Mike Percy created FLUME-1714:
---------------------------------
Summary: Improve handling of HDFS sink .tmp files after crash
Key: FLUME-1714
URL: https://issues.apache.org/jira/browse/FLUME-1714
Project: Flume
Issue Type: Improvement
Reporter: Mike Percy
Currently, the .tmp files left after a system or Flume client crash are never
cleaned up, and several users have noted that it would be better if Flume
itself took care of this.
This is actually a complicated issue, with multiple facets.
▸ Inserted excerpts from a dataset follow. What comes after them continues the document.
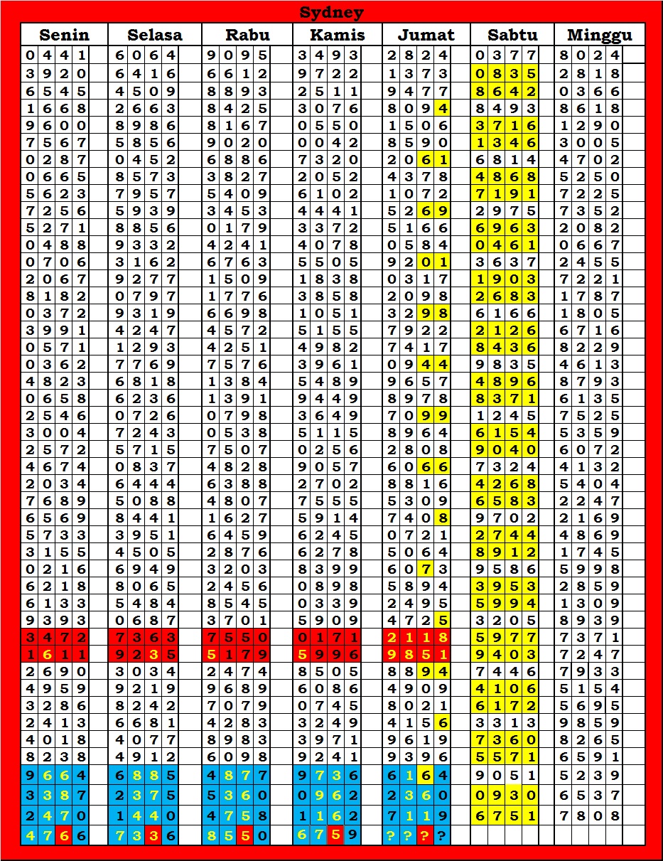 TABEL DATA SYDNEY 6D VERSI HARIAN |
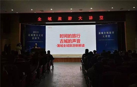 4月1日,第三屆蒲城梨花文化旅游節(jié)系列活動“全域旅游大講堂”在蒲城廣電中心10樓演播廳開講。特邀請專家學者賈云峰老師以授課的方式座談古今、論道蒲城,深挖蒲城縣域旅游資源,在大華山旅游圈的整合下,針對蒲城旅游資源,全面實施蒲城全域旅游定位、實操及營銷,贏得自己的地位與影響力、市場占有率。
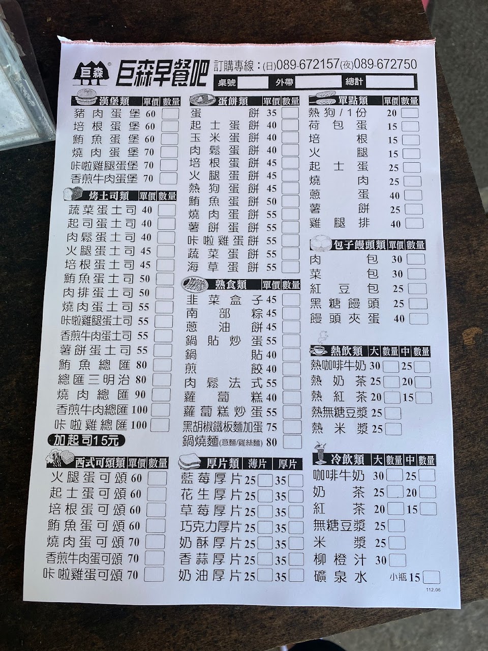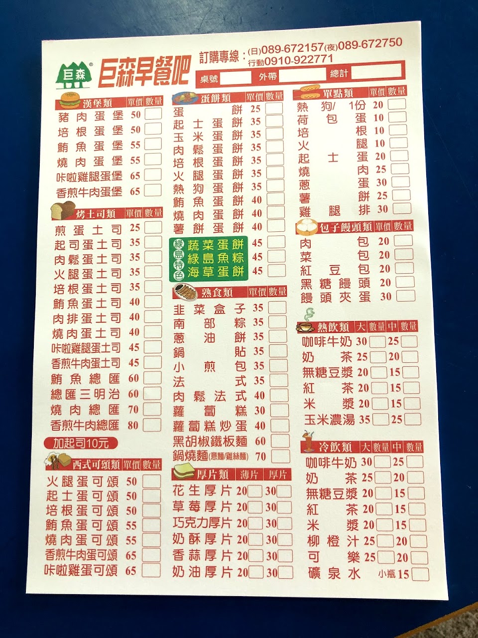2024最新在地推薦餐廳的菜單_巨森早餐吧的菜單、圖片
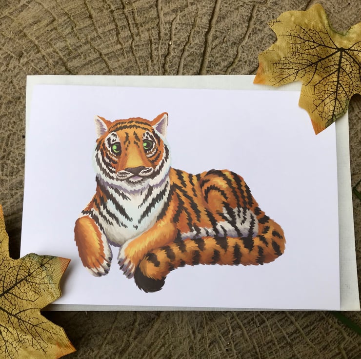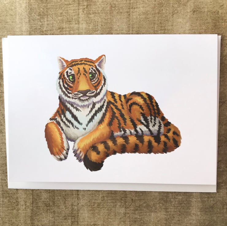 A Tiger blank greeting card with white envelope by DuffleCat Prints (Damian Case)
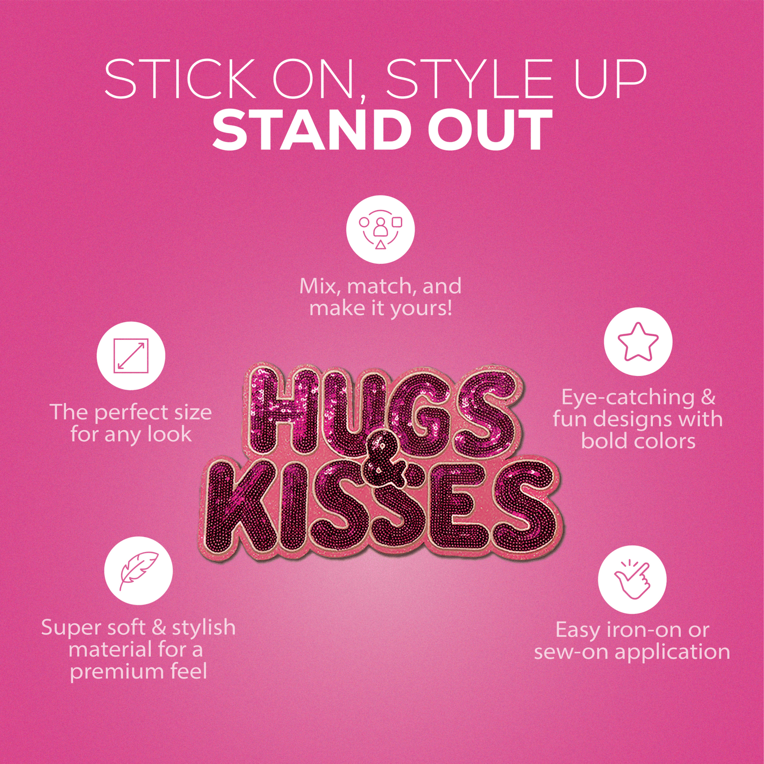 Spread love everywhere you go with this adorable Hugs & Kisses chenille patch! Featuring soft pink lettering in a plush, textured design, this 11-inch iron-on applique adds the perfect sweet touch to jackets, tote bags, hats, and more. Whether you’re all about cozy vibes or looking for a cute way to personalize your style, this patch is a must-have!
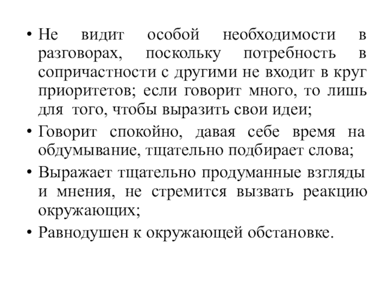 другими не входит в круг приоритетов; если говорит много, то лишь для того, чтобы выразить свои идеи;

These include:
# We would need to persist the in-progress filenames somewhere, probably on the
agent's local FS. This is not very hard.
# At startup, we would need to handle the files in some way to guarantee at
least one of the following:
** Mark it as a potentially partial file somehow when renaming from .tmp
** Ensure that the file format is valid before renaming it from .tmp
*** This 2nd option is actually harder than it sounds, since arbitrary
serializers may be plugged in. Say it's an XML serializer, then we would need
some way to programmatically read (deserialize) the file, throw away any
potentially unfinished records at the end (this is OK since the transaction
must not have been committed), then re-serialize the file with all the valid
records and correct opening/closing tags.
*** General deserialization / recovery APIs would need to be added to support
this, and this would need to be very carefully designed and implemented in
order to work. In the end, it also seems likely that if this a complex thing
(sounds complex) then most people would rely on out-of-the-box implementations
(supported file formats) to get this functionality, unless they are building on
top of abstract classes (e.g. for XML schema handling) to help accomplish this.
--
This message is automatically generated by JIRA.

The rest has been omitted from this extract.